Because any PFA jail impact would be so dependent on local practice, pre- and post-implementation, we’ve designed and posted the Illinois Jail Population Tracker, a data dashboard that allows you to explore local patterns and variations for yourself. The dashboard allows users to examine jail data for individual counties, as well as to filter by judicial circuit, region (north, central, south), and county type (urban, rural). We’ll be updating it each month to reflect incoming data, and expanding it from time to time as new information becomes available.

Measuring the Quality of Prison Life in Illinois

Corrections agencies in England, Germany, Switzerland and other developed nations regularly collect what amounts to “consumer satisfaction” data from residents of their prisons—surveying them as you would your customers, and for similar reasons: to inform quality control and continuous organizational improvement. Many of them use a tool called the “Measuring the Quality of Prison Life” (MQPL) survey, developed by criminologists at Cambridge University and now translated and adapted for use in prisons elsewhere in Europe. The MQPL yields stable, valid measures of various aspects of a prison’s social environment, including humanity, mutual respect, order, fairness, and staff professionalism. It provides prison administrators and the public with a tangible way to compare institutions, isolate problems, and assess progress toward shared goals.

We could do that here. In fact, Loyola’s Center for Criminal Justice has been collaborating with the John Howard Association (JHA) of Illinois on a project aimed at assessing the quality of life in Illinois prisons, using an adapted version of the MQPL distributed in paper form throughout the state’s prison system. To date, more than 6,000 people from 22 prisons have returned completed MQPL forms, and Loyola Center staff, student interns and volunteers have been helping JHA dig into the responses, analyze results, and visualize findings. You can read more about the effort and see some preliminary results here.

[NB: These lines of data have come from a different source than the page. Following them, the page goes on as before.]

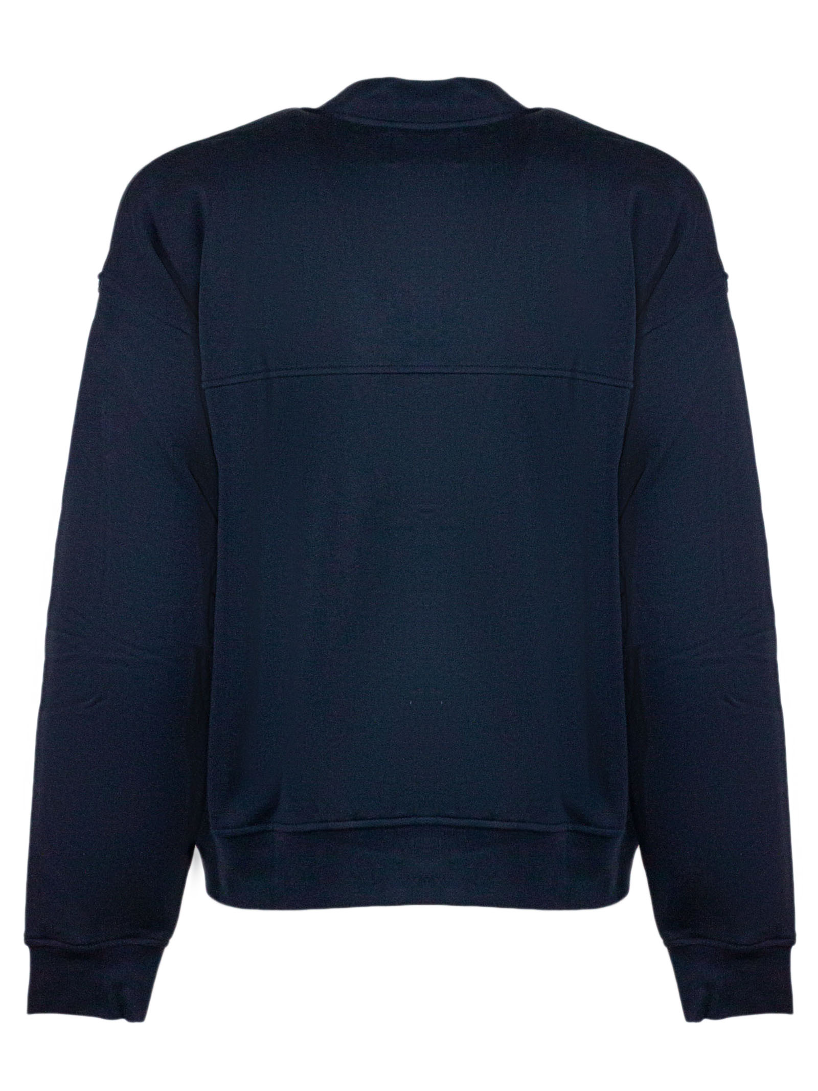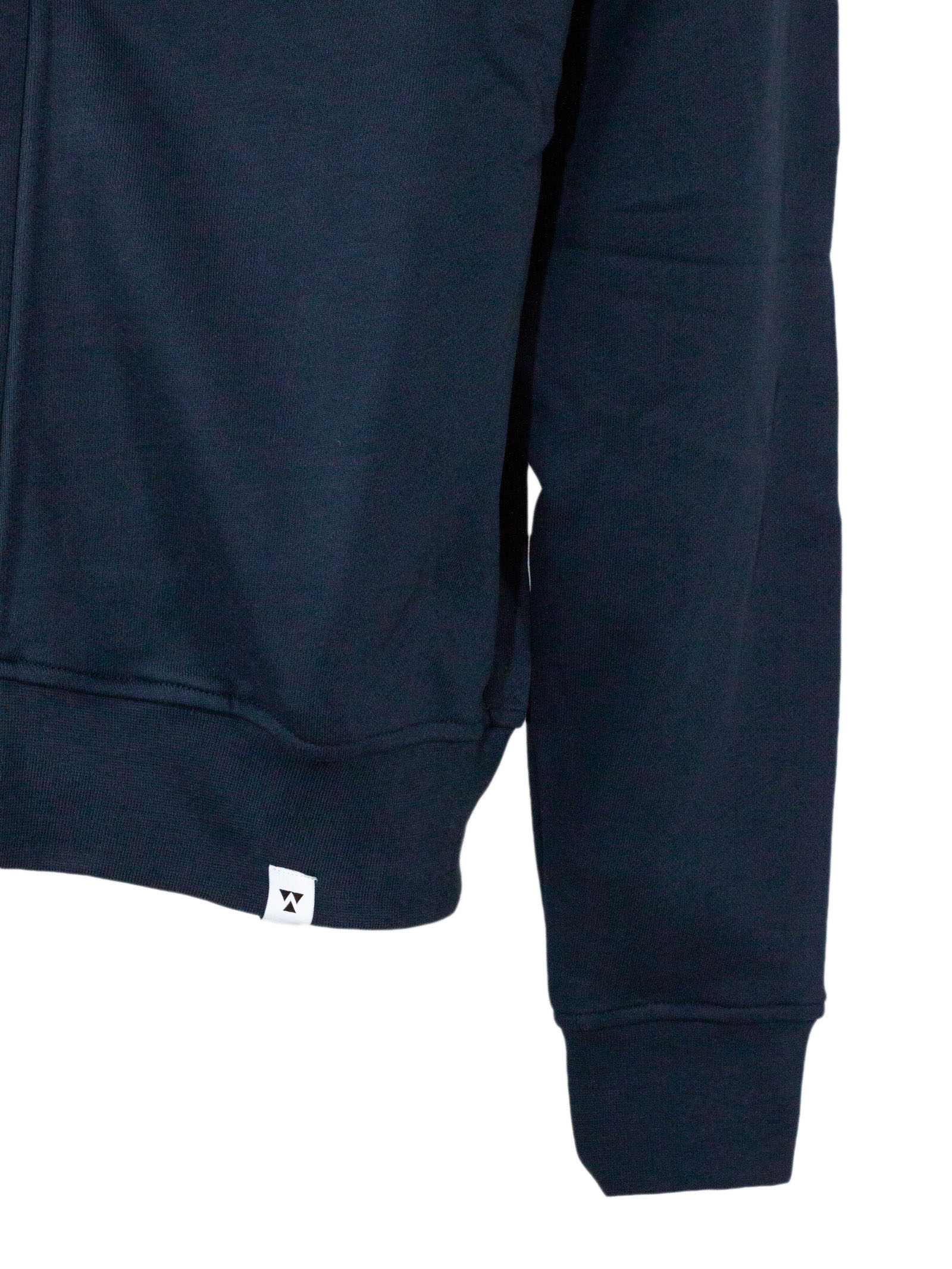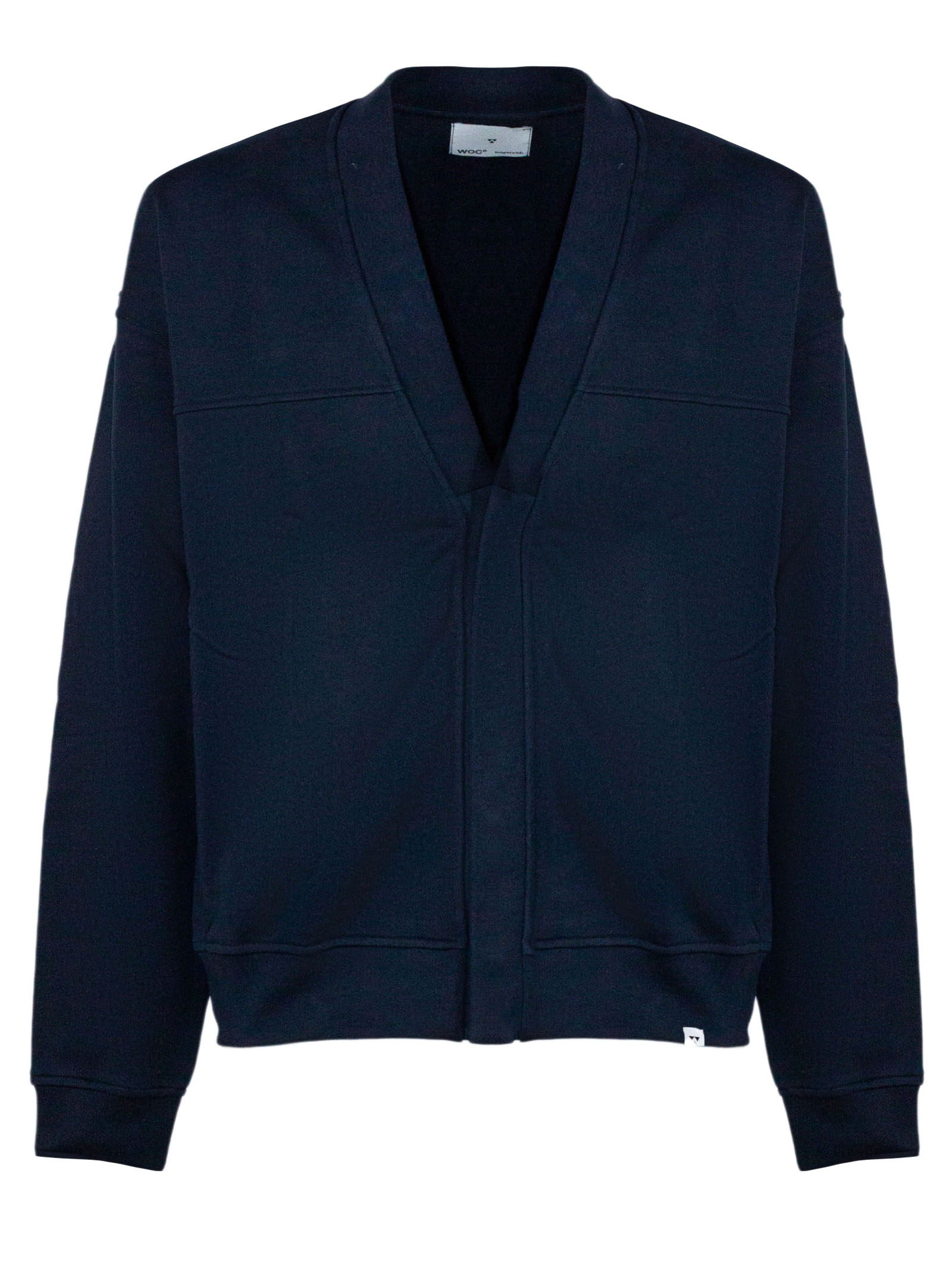 Cardigan in cotone blu scuro con chiusura frontale nascosta, scollo a V, finiture a coste, dettaglio logo
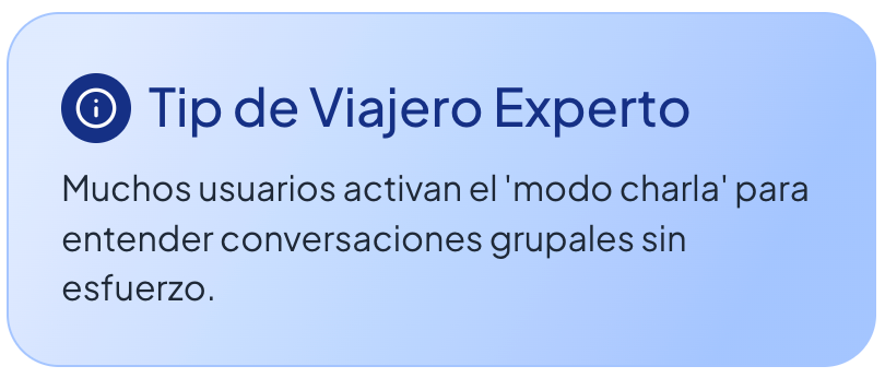 Usa varios motores de IA para entender el contexto, minimizando errores. Es como tener un intérprete profesional, pero discreto y en tu oído.
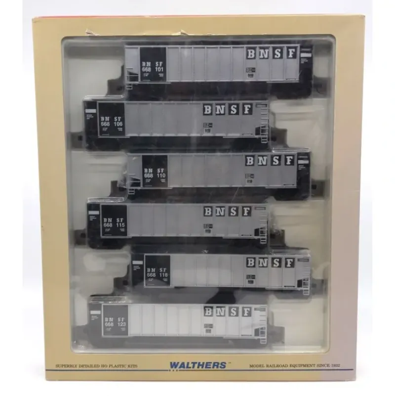 Here is a Walthers 932-5327 HO Scale Burlington Northern Santa Fe Bethgons (Pack of 6). These cars feature plastic body construction, plastic trucks, and plastic wheels with metal axles. These cars feature dummy knuckle couplers with operating couplers at each end of the consist.
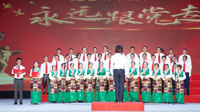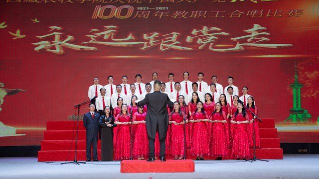 在中国共产党成立100周年之际,为隆重庆祝党的生日,热情讴歌中国共产党领导中国革命和建设取得的伟大成就,展示西藏农牧学院教职员工热爱党、心向党、跟党走的热情和坚定信念,6月29日晚,西藏农牧学院教育工会举办了“永远跟党走,奋斗新征程”庆祝建党100周年教职员工合唱比赛。校领导云丹加措、娄源冰、王从严、郑维列、边巴次仁,校长助理冯建刚出席比赛现场。

Assessing a Deferred Prosecution Program

Prosecutor-led pretrial diversion is one practical way to hold people accountable without needlessly cluttering up the formal justice system. We just posted a report on an ongoing evaluation of one such diversion approach, the Winnebago County State’s Attorney’s deferred prosecution program for nonviolent, first-time offenders, known locally as DIVERT. It’s one of many research projects we’ve conducted in Winnebago since 2017, when we began helping local leaders stand up their own criminal justice planning and coordinating body. This report summarizes data on the first couple of years of DIVERT program operation—including some generally encouraging interim results—and explores themes and issues arising from a series of interviews we’ve done with local stakeholders. Like most of our work at the local level, it’s intended to be of practical use, helping the county’s leaders understand how an innovative idea is working out in practice, who it’s serving and with what results, and where it might need to be reconsidered or changed.